# Ferret Collars - good or bad idea?



## shezzy (Mar 8, 2009)

Okie I have NO experience in ferret collars, my ferrets get their harnessess on to go for walks but thats about it.

Basicly, one of my ferrets got out (god i paniced was in tears thinking something aweful had happened). luckily a man accross the road found him and phoned the sspca. I've thanked him and he's came round to see the ferrets, he loves them.

Anyway, yeah, I've orded locks for the cages, and plan on getting them micro-chipped, but I've seen collars for them. Are these just for indoor ferrets? Would they harm the ferrets, or would they just simply slip them off and be useless? 

Any thoughts are muchly appriciated


----------



## sullivan (Aug 29, 2008)

are your ferrets micro chipped then you wouldnt have to panic soi much if they escape as can be scanned. my only fear with collars and ferrets is they have a habit of getting in tight spaces and climbing on things id be worried they would get snagged up .you would have to use a quick release collar with saftey elastic or clip .


----------



## shezzy (Mar 8, 2009)

sullivan said:


> are your ferrets micro chipped then you wouldnt have to panic soi much if they escape as can be scanned. my only fear with collars and ferrets is they have a habit of getting in tight spaces and climbing on things id be worried they would get snagged up .you would have to use a quick release collar with saftey elastic or clip .

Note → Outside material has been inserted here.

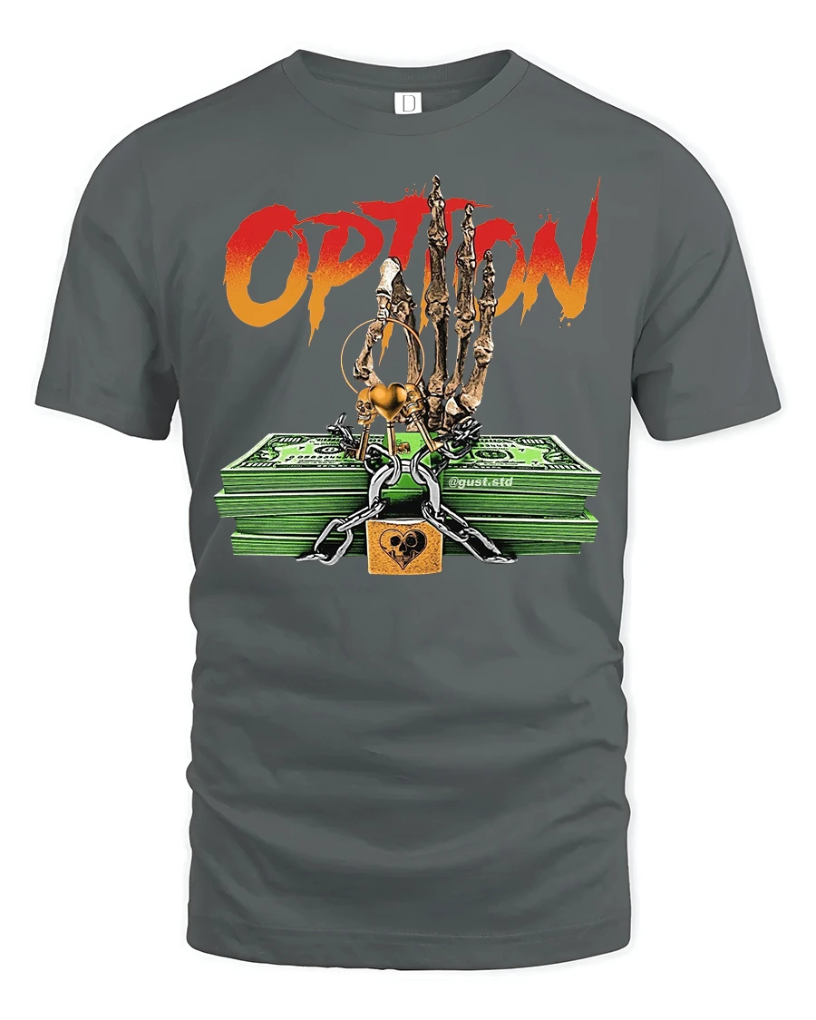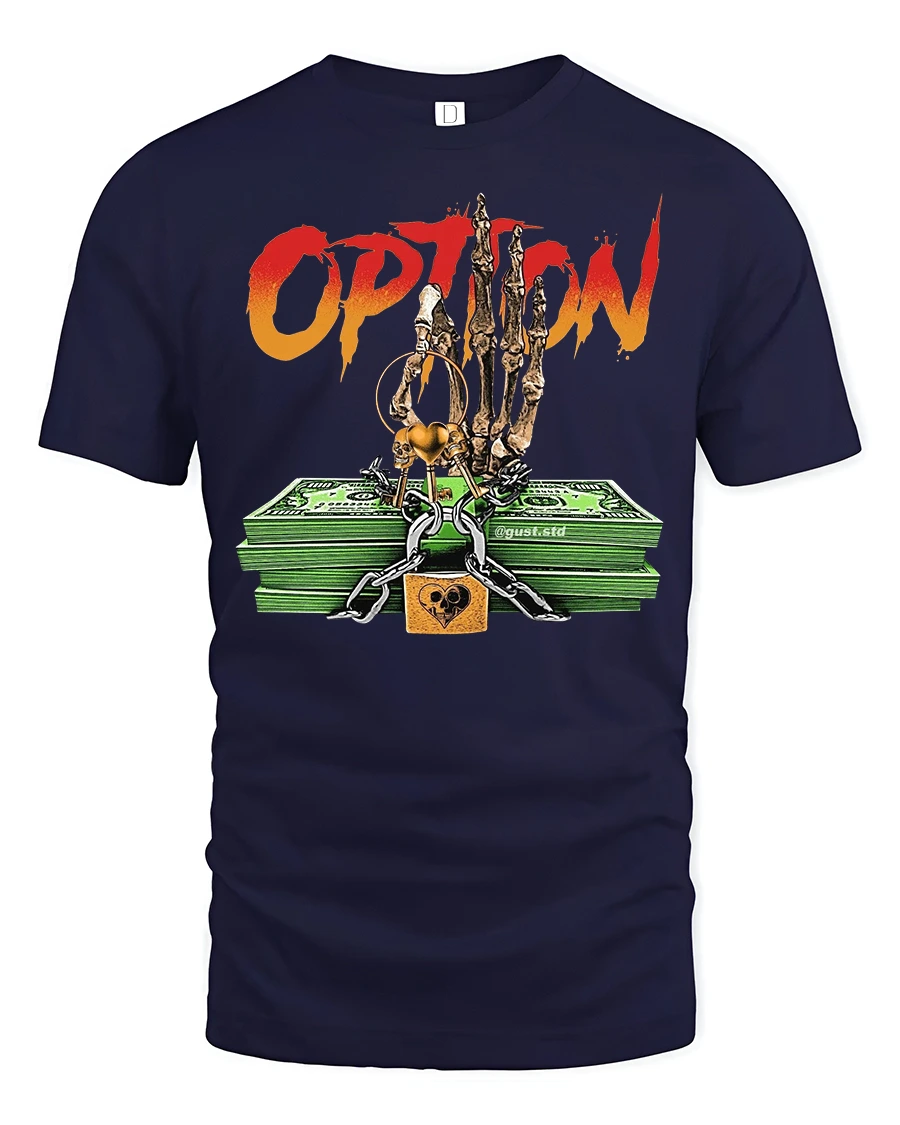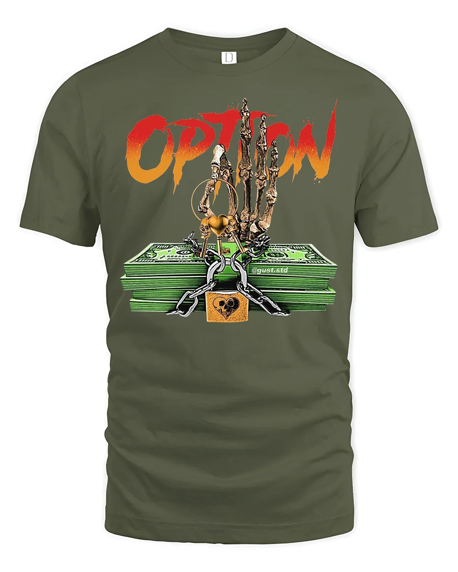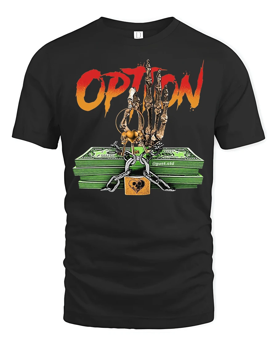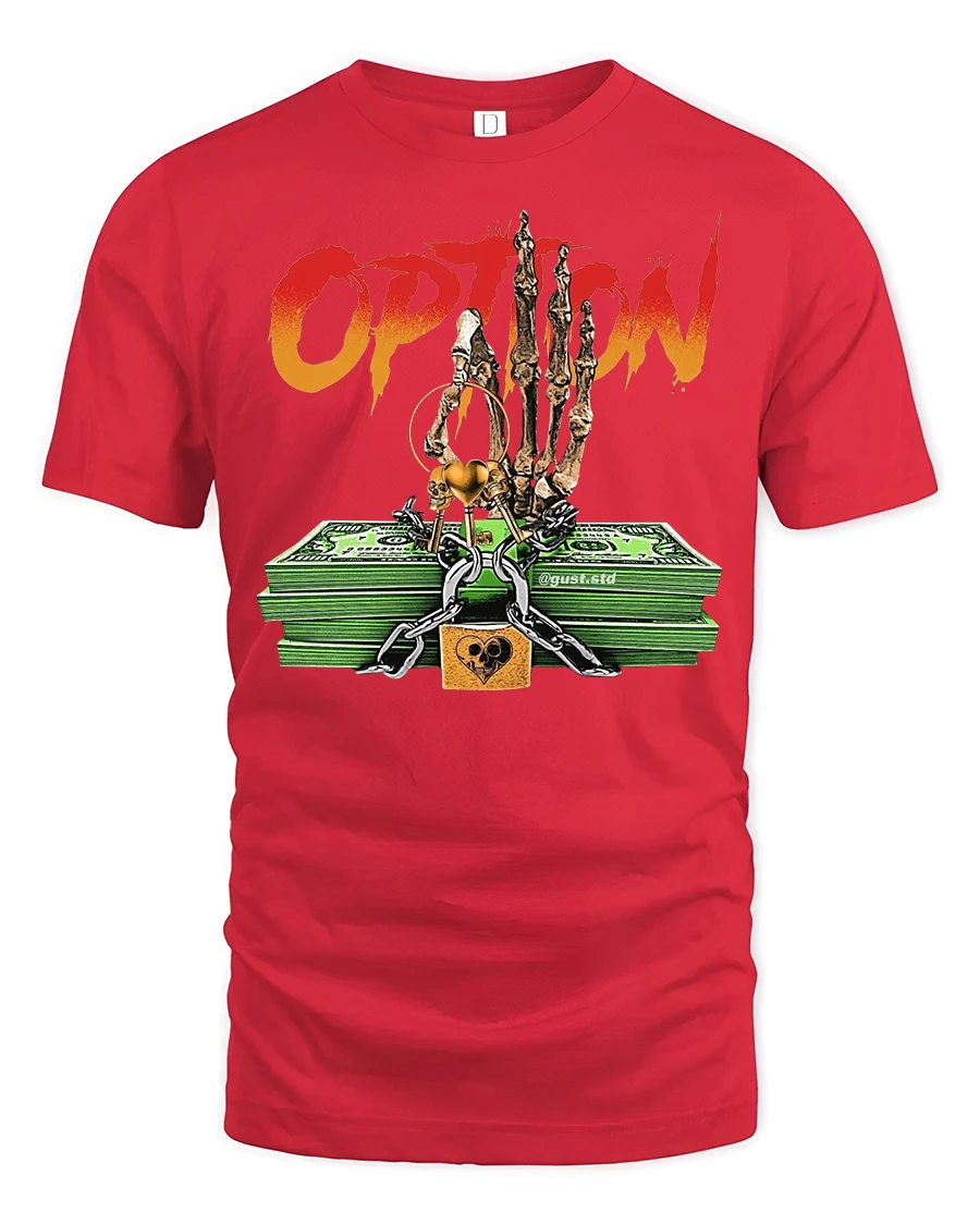 Stand out in bold style with the Skeleton Hand Money Stack Graphic Printed T-Shirt. This unique design features a skeleton hand rising above stacks of cash locked in chains, delivering a powerful message of money, choice, and edgy streetwear attitude. The fiery “OPTION” lettering adds an extra layer of impact, making this tee perfect for those who want to express individuality and bold taste.

Aye, I'm gonna get them micro-chipped, I can't go through that stress again. 
Thats what I was thinking (the tight spaces) but then quick release, the ferret would get that off as soon as I put it on them lol ! Smart little critters they are 

I think whatever happens I would worry. 
Normal collar - ferret could choke getting caught. 
Safety clip collar - ferret would lose it stright away so a.k.a useless. 
Elastic collars - ferret could even get stuck with that.

hmmmmm


----------